Оливия Уэдсли - Ты и я
Солнышко раньше времени выманило любителей чаепития. В Арменонвилле было уже полно. Оркестр играл, и несколько пар танцевало.
— Сядем снаружи, сегодня так хорошо, — предложила Тото.
Чарльз заказал кофе, которое подали в толстых белых чашках, вызывающе помеченных "3 фр. 50", но он до своего и не дотронулся. Он только смотрел на Тото, и почти в каждом его слове был вопрос.
Вместе с тем он посмеивался тем коротким нервным смешком, каким смеется мужчина, когда он и обрадован, и смущен.
— Тото, знаете, ведь это изумительно! Когда вы приехали?
— Только что! Утренним экспрессом из Вены.
— Из Вены! Я чуть было не поехал туда служить в банке. Знай я, что вы там, ни минуты не задумался бы. Вы были у фрау Майер?
Тото кивнула головой. Она чувствовала, что не в состоянии говорить о Скуик.
Она только взглянула на Чарльза, но он сразу угадал — так сильна была его любовь. Он сказал:
— Она была чудная, правда? Воображаю, как обрадовалась вам. Вы, верно, поехали, узнав, что она больна?
— Нет, я убежала, — ответила Тото со слабым намеком на улыбку.
— О, великолепно! — Чарльз смеялся, не зная сам, чему он смеется. — Вот я и говорю… да возьмите пирожное — здесь они, право, неплохи. С кем же вы здесь? С миссис… миссис Гревилль?
— Я не знаю, где моя мать, — отозвалась Тото, делая вид, будто с увлечением поглощает шоколадное пирожное. — Понятия не имею.

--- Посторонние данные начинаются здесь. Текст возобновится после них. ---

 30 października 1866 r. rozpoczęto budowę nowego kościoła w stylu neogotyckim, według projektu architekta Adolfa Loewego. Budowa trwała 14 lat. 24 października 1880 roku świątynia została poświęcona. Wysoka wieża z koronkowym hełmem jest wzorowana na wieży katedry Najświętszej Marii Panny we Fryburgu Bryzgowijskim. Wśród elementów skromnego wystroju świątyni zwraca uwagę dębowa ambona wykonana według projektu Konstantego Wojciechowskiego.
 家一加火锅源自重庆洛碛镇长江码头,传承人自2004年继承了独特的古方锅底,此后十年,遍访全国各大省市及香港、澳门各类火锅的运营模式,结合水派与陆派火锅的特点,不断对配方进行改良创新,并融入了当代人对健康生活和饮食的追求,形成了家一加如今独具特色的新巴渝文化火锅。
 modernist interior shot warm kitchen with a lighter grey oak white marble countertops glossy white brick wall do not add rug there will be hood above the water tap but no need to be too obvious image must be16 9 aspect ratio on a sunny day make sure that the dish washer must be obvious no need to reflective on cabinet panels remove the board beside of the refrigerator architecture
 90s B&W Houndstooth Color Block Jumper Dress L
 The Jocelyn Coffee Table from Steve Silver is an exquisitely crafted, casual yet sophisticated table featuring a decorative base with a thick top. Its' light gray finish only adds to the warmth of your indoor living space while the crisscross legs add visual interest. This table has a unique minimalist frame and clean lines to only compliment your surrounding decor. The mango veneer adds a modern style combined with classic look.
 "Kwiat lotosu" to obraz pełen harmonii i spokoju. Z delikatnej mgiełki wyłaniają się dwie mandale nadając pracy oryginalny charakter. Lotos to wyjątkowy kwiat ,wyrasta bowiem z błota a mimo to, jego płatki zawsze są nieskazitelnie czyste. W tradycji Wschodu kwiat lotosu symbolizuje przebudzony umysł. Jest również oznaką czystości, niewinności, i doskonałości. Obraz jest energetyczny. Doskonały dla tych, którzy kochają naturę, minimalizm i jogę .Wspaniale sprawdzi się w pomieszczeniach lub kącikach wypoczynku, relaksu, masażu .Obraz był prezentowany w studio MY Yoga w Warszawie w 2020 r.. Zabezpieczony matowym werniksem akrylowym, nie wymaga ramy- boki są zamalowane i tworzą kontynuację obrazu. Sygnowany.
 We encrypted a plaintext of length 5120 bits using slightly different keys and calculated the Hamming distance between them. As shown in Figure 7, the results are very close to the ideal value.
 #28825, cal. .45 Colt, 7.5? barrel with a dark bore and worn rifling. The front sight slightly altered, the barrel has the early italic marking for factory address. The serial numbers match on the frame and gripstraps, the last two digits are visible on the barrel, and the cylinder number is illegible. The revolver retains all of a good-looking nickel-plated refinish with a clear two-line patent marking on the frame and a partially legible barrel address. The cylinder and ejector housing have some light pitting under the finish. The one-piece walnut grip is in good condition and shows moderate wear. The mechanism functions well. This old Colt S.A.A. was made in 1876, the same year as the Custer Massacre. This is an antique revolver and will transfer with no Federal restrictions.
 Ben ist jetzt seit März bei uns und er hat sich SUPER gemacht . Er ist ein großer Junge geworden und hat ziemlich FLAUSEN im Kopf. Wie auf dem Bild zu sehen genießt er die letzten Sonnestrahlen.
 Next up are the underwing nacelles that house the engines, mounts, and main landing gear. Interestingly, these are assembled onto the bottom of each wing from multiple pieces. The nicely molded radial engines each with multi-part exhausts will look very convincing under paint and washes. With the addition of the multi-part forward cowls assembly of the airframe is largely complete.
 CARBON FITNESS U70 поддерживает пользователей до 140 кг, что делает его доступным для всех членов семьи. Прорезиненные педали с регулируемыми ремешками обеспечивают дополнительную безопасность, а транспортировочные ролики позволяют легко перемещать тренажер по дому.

— Я читал, или слыхал, будто она возвращается через Нью-Йорк, — вставил Чарльз.
Слышал он и многое другое в Клубе Путешественников.
Тото вдруг сказала:
— Поедем дальше, Чарльз, хотите? Я… я, увидав вас… я вспомнила прежние времена… и… не могу… не могу…
Голос изменился, глаза налились слезами.
В автомобиле Чарльз взял ее за руку.
— Если бы можно было найти слова утешения, я бы сказал их, вы знаете, — хрипло заговорил он. — Я ведь знаю, как вы… вы и Карди… любили друг друга. — Рука, державшая ее руку, дрожала, и лицо его было очень бледно. — О, Тото, может быть, вы все-таки согласитесь? Я не переставая думал о вас. Вы так одиноки сейчас. Я… если вы не любите меня, как нужно, если вам не хочется выходить замуж, — клянусь вам, вы будете свободны, будете жить собственной жизнью, пока не найдете, что сможете. Я не могу примириться с мыслью, что вы одна, что некому присмотреть за вами. Я хочу беречь, охранять вас. Тото, неужели бесполезно просить вас?..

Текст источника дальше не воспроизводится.